===== MATERIAL PROVIDED =====
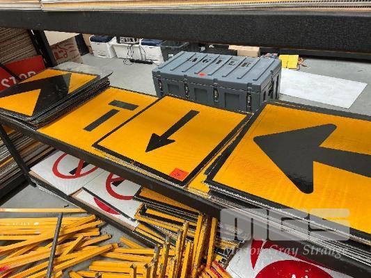 APPROX 50 x ASSORTED DIRECTIONAL REFLECTIVE ROAD SIGNS, CORFLUTE & METAL, 600 x 600mm
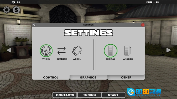 3、点击右上角的“设置”图标,就能设置驾驶模式,可选择方向盘控制或晃动控制。
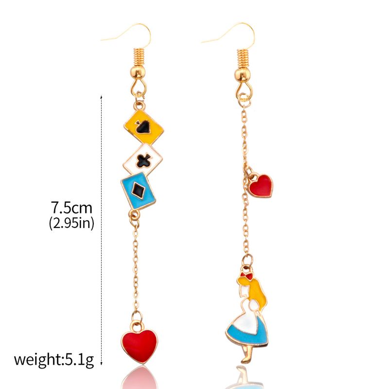 Romantic Drop Earrings Wonderland Princess Heart Poker Long Earrings for Women Girls Accessories Gifts Jewelry
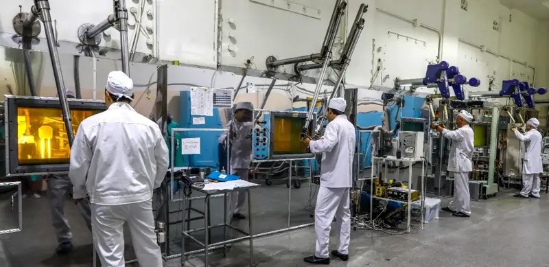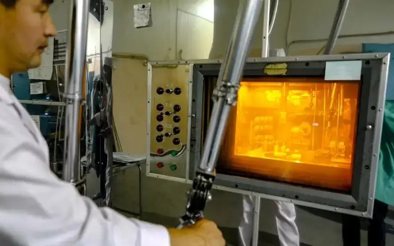 反应堆中的产物由使用“热相机”的特殊设备捕获和照射。所有工作都由专业人员操作机械手完成。
=====
* [WHAT YOU ARE ASKED TO DO] Are you able to set down all the lines above exactly, without any pictures?

* [OUTPUT BELOW]
 APPROX 50 x ASSORTED DIRECTIONAL REFLECTIVE ROAD SIGNS, CORFLUTE & METAL, 600 x 600mm
 3、点击右上角的“设置”图标,就能设置驾驶模式,可选择方向盘控制或晃动控制。
 Romantic Drop Earrings Wonderland Princess Heart Poker Long Earrings for Women Girls Accessories Gifts Jewelry
 反应堆中的产物由使用“热相机”的特殊设备捕获和照射。所有工作都由专业人员操作机械手完成。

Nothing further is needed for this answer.